Bollywood’s Disco King Bappi Lahiri, who passed away on Tuesday night, will not only be remembered for his catchy tunes but also his eccentric fashion choices. Lahiri carved a name, in fact, an identify for himself with his bling. His penchant for heavy and often expensive trinkets, including the seven gold chains around his neck, a ring for each of his fingers, a bracelet with his name etched on it and his Louis Vuitton sunglasses, made him a style icon.
While his razzmatazz rarely took the spotlight off of his music, it made him stand out in the music world as a composer who knew how to represent visually everything he delivered sonically. And at 66, Bappi da, who created over 9,000 songs in his lifetime, detailed how he came to be known as ‘Bling Bling Bappi Lahiri’ in an interview with Anupama Chopra for Vogue.
“It began when my mother gave me my first gold chain in 1974. After I got married, my wife gave me another in 1977. Today, Bappi Lahiri means gold.
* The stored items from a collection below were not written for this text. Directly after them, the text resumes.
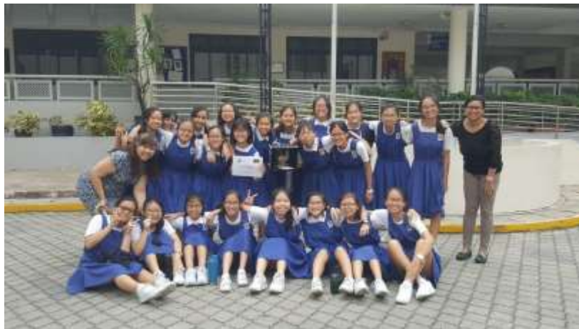
Our members with their teacher advisors

For 2016, SNGS continued working with SASCO to reach out to the elderly through their various centres and homes and forge a new partnership with APSN. With more teachers, various outreach activities can run concurrently, once or twice a month. SNGS continued their long-term mission outreach in Siem Reap @ Kbon Primary School. They raised funds to build their water tank. Girls are involved in the planning of outreach programmes. Continued self-initiated projects by the pupils are on-going.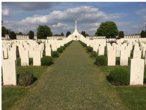
Tyne Cot Cemetery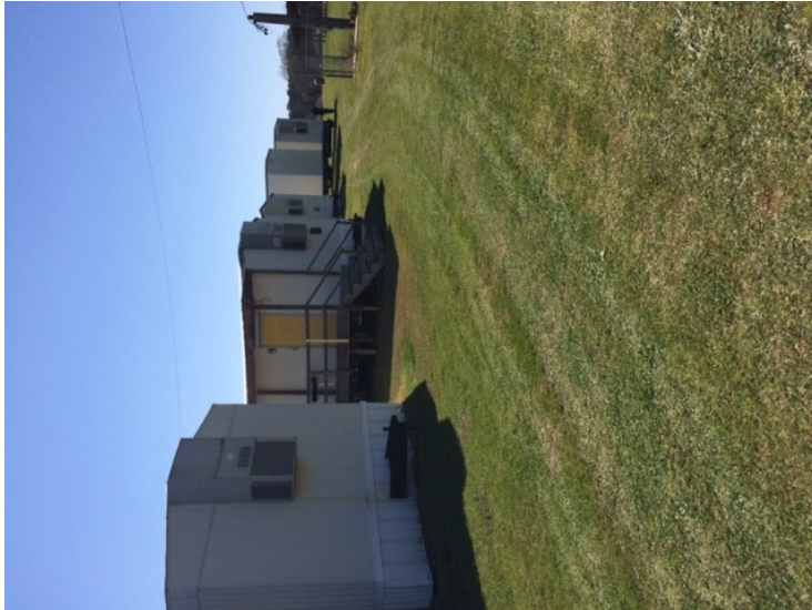
Our additions as of May 2016.

We love that our enrollment is growing, but we had to add two portables to our collection this summer.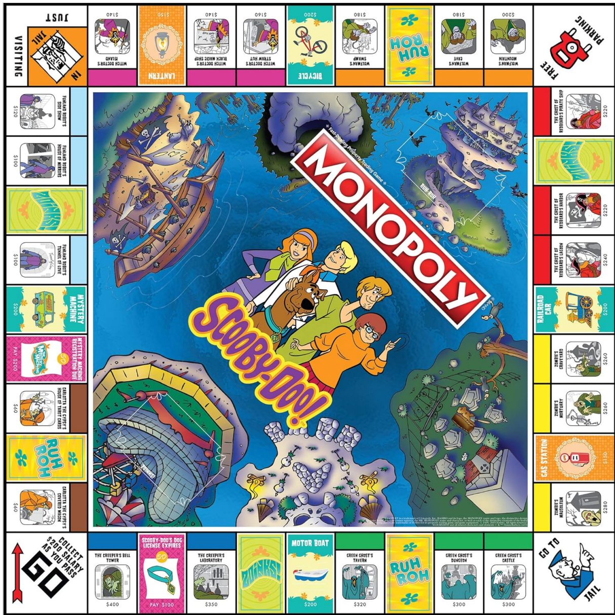
A detailed view of the game board, highlighting the unique Scooby-Doo! themed properties, 'Zoinks!' and 'Ruh-Roh' spaces, and custom artwork.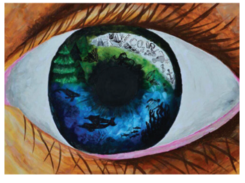
Nature Future: Kids' visions for a just and nature-filled world

We invited children and teens from around the world to share art and creative writing that expresses their love for the natural world, along with their thoughts, dreams, questions and concerns about the future. This online exhibit included a toolkit with lesson plans and tips for talking to kids about equitable nature access.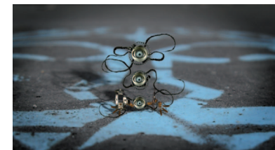
stills: „Paris Recyclers“

When I’m in New York or London and it’s very cold, my gold chains are hidden under my jacket. Indians come and ask: ‘Are you Bappi Lahiri?’ And I say, ‘Yes’. They then inquire, “But where are all the gold chains?” So, across the world now, gold chain mera pehchaan hai, it’s my identity,” the late legend had shared.
He had also asserted, “Now all over the world, people say, ‘Bling Bling Bappi Lahiri.’ The latest film I’m in is Marvel’s Guardians of The Galaxy — they used my song ‘Jhoom, jhoom, jhoom baba’. So, those in Hollywood now also call me ‘Bling Bling Bappi Lahiri’.” Asked when the costumes started becoming dramatic, too, Lahiri shared, “My image is very defined and my shiny costumes are part of it.”
Lahiri also detailed what inspired him to create this image and all the love that motivated him to stand by and evolve it. “I watched Elvis Presley as a child, he had a chain with a big cross, dark glasses and a bracelet. I decided that I would also create an image for myself. And just like that I established my image with time. Today, without gold there’s no Bappi da. Whenever I go somewhere, my fans treat me like a hero. They love my songs, be it Ooh La La from The Dirty Picture, Tune Maari Entriyaan from Gunday or Tamma Tamma Again from Badrinath Ki Dulhania. And these are just the recent ones—I’ve done 640 films. Even 50 years later, if one of my songs plays, 2,000 people will be dancing. The public is crazy about me.”
Lahiri also “got the Supreme Court to copyright” his look. He had assured, “Nobody can copy me, no one can dress up like Bappi Lahiri and no one can make fun of me. If anybody copies my dress, I will sue. In fact, if anyone copies my songs, I’ll sue them, too.”
The Disco Dancer hitmaker’s 2002 song, Kaliyon Ka Chaman, sung by Lata Mangeshkar, was lifted. “It was used in an international song—they took it and didn’t give me any credit. I immediately went to Los Angeles and told them they need to give me credit. I didn’t want money because the song is owned by HMV. After one year, I got justice. My song Jimmy Jimmy has also been sung in 45 different languages. It has been remade in Russia, China, Istanbul. Sab Jimmy Jimmy ke peechhe pagal hain! Even Disco Dancer made history. When Michael Jackson visited India, he met me personally and said, “I love your song Disco Dancer.” He also loved my gold chains!”